» **What is being asked**
Word for word, write the lines below out again, with no pictures.

» **Collected material**
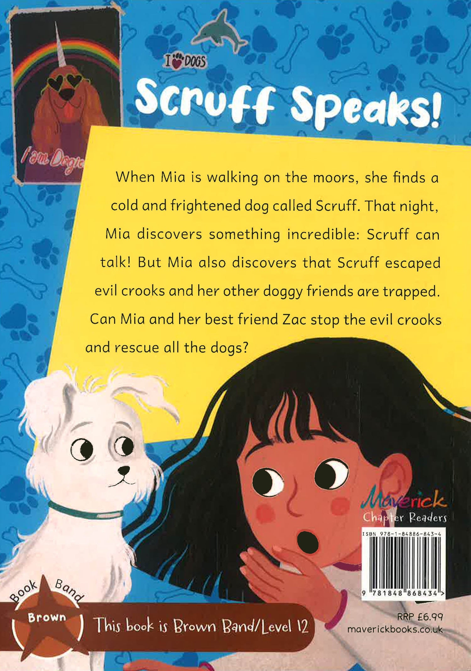 When Mia is out walking on the moors, she finds a cold and frightened dog called Scruff. That night, Mia discovers something amazing: Scruff can talk! Only she finds out that Scruff actually escaped a secret lab, and that there are still dogs there that need rescuing. Can Mia and her friend Zak break out the rest of the dogs and stop the evil crooks?
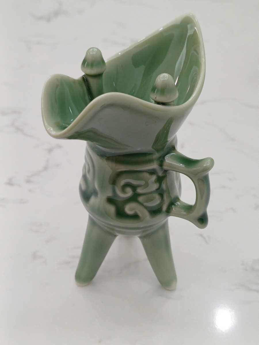 청자 도자기처럼 영롱한 푸른색을 띠고 있었으며, 도자기 재질로 되어 있지만 금속 전통잔의 모양은 잘 묘사되어 있다.
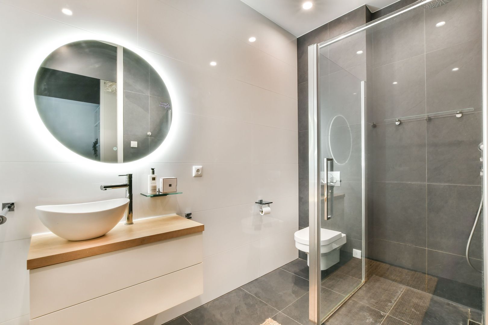 Bathroom 2 offers a large walk-in shower, wall-mounted toilet, and a sink.

» **Response to this exercise**
 When Mia is out walking on the moors, she finds a cold and frightened dog called Scruff. That night, Mia discovers something amazing: Scruff can talk! Only she finds out that Scruff actually escaped a secret lab, and that there are still dogs there that need rescuing. Can Mia and her friend Zak break out the rest of the dogs and stop the evil crooks?
 청자 도자기처럼 영롱한 푸른색을 띠고 있었으며, 도자기 재질로 되어 있지만 금속 전통잔의 모양은 잘 묘사되어 있다.
 Bathroom 2 offers a large walk-in shower, wall-mounted toilet, and a sink.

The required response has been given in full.